Secondly: I was hired by a company who was developing a new security product – it’s a keychain USB stick, and all your personal stuff is on there, but it’s encrypted. You just plug it into a Windows computer, and if you don’t have the password, you’re out of luck. They hired my company to see if we could break it. We did a bit of reverse-engineering and realized the programmer had secretly put in a backdoor into the program, so your key was actually hidden within the encrypted volume, which was accessible without knowing the key. Obviously this was included in my report. The CEO of the company calls me three weeks later and goes, “Kevin, you did a fantastic job, but I do have a question for you.
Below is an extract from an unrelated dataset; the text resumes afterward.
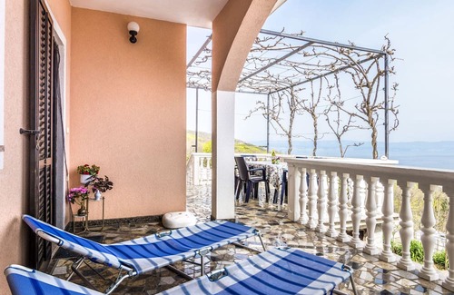"Magdalena", 3-room apartment 56 m2, on the ground floor. Living/dining room with satellite TV and air conditioning. Exit to the terrace. 2 rooms, each room with 1 double bed. Open kitchen (4 hot plates, oven, dishwasher, toaster, kettle, microwave, electric coffee machine). Bath/WC. No heating option. Terrace 18 m2 partly roofed. Terrace furniture, barbecue (portable), deck chairs (2). View of the sea. Facilities: washing machine, mosquito net, baby cot (extra). Internet (WiFi, free). Please note: non-smoking house. Private entrance.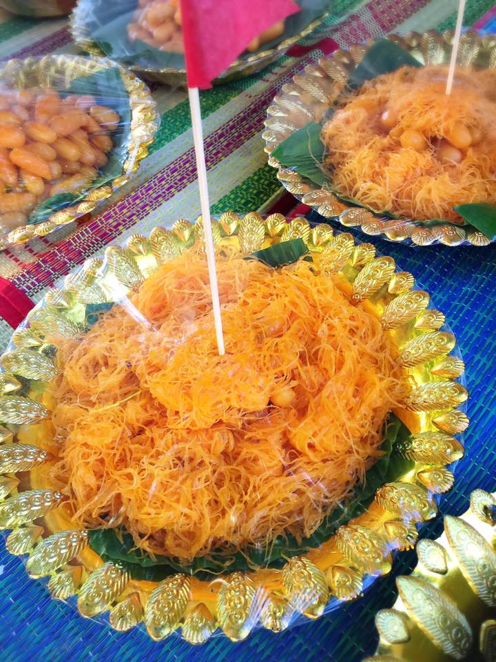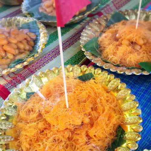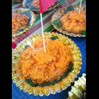 | คำอธิบาย : ขันหมาก ชุดเครื่องพิธี ของขบวนขันหมากฝ่ายเจ้าบ่าว คนเฒ่าคนแก่เล่าว่า คนที่จัดเครื่องขันหมาก เพื่อความเป็นศิริมงคล จะให้ผู้หลักผู้ใหญ่ที่ครองรักกันมานานเป็นผู้จัด หรือผู้ที่ผู้คนให้ความเคารพ เป็นผู้จัด ขันหมากในแต่ละภาคก็จะแตกต่างกันไป จำนวน เครื่องจะทำเป็นคู่ มีเครื่องคาวหวาน ขนม มงคลต่างๆ ผลไม้มงคล |

Do you think we should keep the back door in the program?” I never verified whether they did it or not.
Those two incidents reduce my trust in products. Even in this book, as I recommend [security products], you’ve got to look to other resources to see if you can really trust the product. And the only way you can really do that is academic review. There’s no such thing as absolute privacy, no matter what you do. But if your adversary’s not the NSA or a foreign intelligence agency, then you have a much better chance – if you practice good OPSEC [Operations Security] and you use the right tools.
A lot of people will think they can use a VPN (Virtual Private Network) service, and they thought that these VPN services could be trusted – they say they don’t keep any logs and they protect your privacy, and not even the cops could force [them] to turn anything over. That is all bullshit. And I don’t know how they get away with the lying, but people are naive if they believe it.